1. Interaction of the impure clavulanic acid in a restricted solvent with diamine to form a salt.

2. Isolation of the salt obtained in step 1.

3. Conversion of the isolated salt to clavulanic acid mainly by acidification or its pharmaceutically acceptable salt or ester, mainly by the addition of a source forming the corresponding salt or ester. For example, the potassium salt of clavulanic acid is formed by the addition of potassium acetate or potassium ethyl hexanoate.

It is particularly appropriate to prepare the diaminosols of clavulanic acid in an organic solvent. Suitable solvents are non-hydroxyl solvents such as tetrahydrofuran, dioxane, ethyl acetate, methyl acetate, acetone, methyl ethyl ketone and the like or mixtures thereof.

The reaction may be carried out at from about - 50 to 40 ° C and preferably from about 0 to 15 ° C.

The invention also relates to pharmaceutical compositions comprising a salt of formula IIa and / or IIb and a pharmaceutically acceptable carrier.

Suitable formulations of the compositions of the invention are tablets, capsules, complex powders and sterile forms suitable for injection or infusion. Such compositions may contain conventional pharmaceutically acceptable materials such as diluents, binders, colorants, flavors, preservatives and disintegrants.

The injection or infusion compositions of the salts of formulas Pa and IIb are particularly suitable for high levels of clavulanic acid in the tissues, which is detected after injection or infusion. Thus a preferred composition according to the invention contains salts of formulas Pa and IIb in sterile form.

Another preferred formulation according to the invention is a dosage unit containing a salt of formula II adapted for oral administration.

The following examples illustrate the invention. These pH values were measured with an Ingold electrode, type U402-S7 / 120, in the solvent used.

Examples of carrying out the invention

Example 1. Comparison of crystallization of different diamino salts.

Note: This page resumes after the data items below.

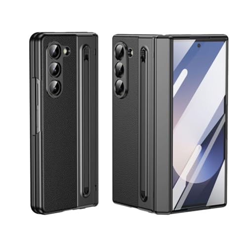 Galaxy Z Fold 5 用 ケース レザーテクスチャギャラクシー Z フォールド5ケース ストラップホール ヒンジ保 保護カバー Sペン内蔵収納 メッキ 薄型 軽量 (黒) 25-Fold 5-01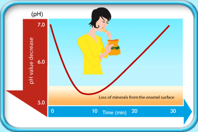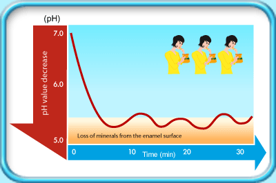 As soon as we eat or drink, the bacteria in the plaque will metabolise the sugar and produce acid. The acid will then lead to loss of minerals from the tooth surfaces. Chances of getting tooth decay will be reduced by allowing sufficient time in between meals for the saliva to neutralise the acid and redeposit minerals onto the tooth surfaces.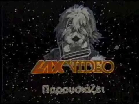 On a zooming space background, light blue warning text in Greek is seen first before it zooms in. A black and white drawing of a sheepdog holding a VHS spins while it zooms in. The orange text "LAX VIDEO" with an white outline emerges from the bottom of the screen and flips into place under the drawing. After a couple of seconds, the Greek text "Παρουσιάζει" appears via a particle effect. After another couple of seconds, the text disappears by the same effect, which is followed by the logo and text sliding up and down respectively.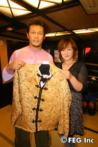 須藤は貴重なアイテムにサインを入れて、ファンにたっぷりとプレゼントした。これは3月のオーレ・ローセン戦の前に、練習衣として使用していたというカンフー衣。試合当日に着用したのと同じ形という、ファン垂涎の品だ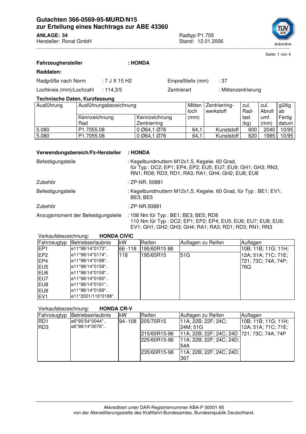 Dieses Gutachten (abe) bezieht sich auf die Alufelge Ronal P1.705 in der Ausführung 7Jx15 ET 0, Mittenloch 0 mm (KBA 43360). Im PDF findest du typischerweise zulässige Reifengrößen, Auflagen/Anbauhinweise und – je nach Dokument – Hinweise zur Eintragung.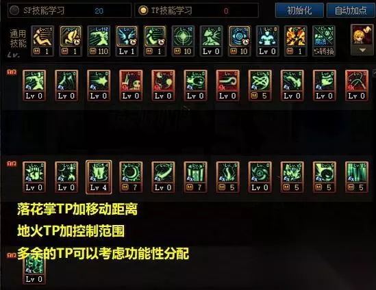 输出时,建议优先放冷却短的技能,后面可以再放一次。如果可以轻松秒,可以优先放伤害高的技能。在同样的技能数量的情况下,耗时比较短的战术是先放很慢的脱手技能,再放站桩技能。比如水晶+护石南瓜+三觉偷跑或者提前憋一个天雷,下一个冷却好了就可以连续放两个。带护石的天雷在伤害/冷却上最强,实用性上,虽然范围小但是单段还算容易打中,再按技能键攻击,可以不移动原地劈,用熟了实际情况不喜欢再考虑不点。实战怪物开场无敌,可以提前放三觉等延迟技能,俗称偷跑,打伤害比较快。加点包括两种,续航与爆发,异同在于元素震荡与元素帷幕之间的取舍,在爆发上,元素震荡以其优秀的数据,使得爆发能力非常强,但是基本上没有什么续航能力。而帷幕虽然也是一个比较墨迹的技能,但是它是一个脱手的技能。对于短时爆发而言,元素震荡搭配护石,或许是一个不错的选择。 通用加点 落花掌TP加移动距离 地火TP加控制范围 多余的TP可以考虑功能性分配

A solution of the clavulanic acid potassium salt in ice-cooled water was stirred with ethyl acetate under ice-water cooling. With a solution of about 10% by weight. the sulfuric acid was adjusted to pH 2, the aqueous layer was separated and extracted twice with ethyl acetate. The combined extracts were dried with magnesium sulfate, filtered and washed with ethyl acetate to give a clavulanic acid solution of about 2% by weight. Clavulanic acid was diluted with an equal volume of acetone and diamine was added.

The results are summarized in Table 1.

The molar diamine / mol ratio of clavulanic acid is indicated in the last column. The tertiary, tertiary type diamino salts of clavulanic acid are obtained only in crystalline form and not in the form of oil.

Table 1

Diamine Type ¹ Crystals Laelo Diamine Ν, Ν, Ν ', Ν'-tetramethyl- !, 2-aminoamino n t, t + 1.90 Ν, Ν, N ', N' -tetramethyl-1,2-diaminoethane t, t + 0.68 Ν, Ν, Ν ', Ν'-tetramethyl-1,3-diaminopropane t, t + 1.89 1, 3-bis (dimethyl-amino) - 2-propanol t, t + 1.74 Ν, Ν, N ', N' -tetramethyl-1,4-diaminobutane t, t + 1.34 Ν, Ν, N ′, N ′ -tetramethyl-1,6-diaminohexane t, t + 1.84 1,2-dipiperidinoethane t, t + 2.70 1,2-diaminoethane n, n + + 3.98 1,3-diaminopropane n, n + + 1.69 1,6-diaminohexane n, n + 1.69 1,10-diaminodecane n, n + 1.46 N-methyl-! , 3-diaminopropane n, d + 1.69 N, N-dimethyl-1,3-diaminopropane n, t + 1.86 Ν, N-dimethyl-1,2-diaminoethane n, t + 1.69 piperazine in, in + 1,20 N-methylpiperazine in, t + 1,20 Ν, N-diethyl-1,2-diaminoethane n, t - - 0.81 N-2-aminoethyl-morpholine n, t - - 1,20 dipiperidinomethane t, t + - 14.92

¹ n: primary, in: secondary, t: tertiary

Example 2. Preparation of the mono-Ν, Ν, Ν ′, M′-tetramethyl-1,2-diaminoethane salt of clavulanic acid from ethyl acetate / acetone solution.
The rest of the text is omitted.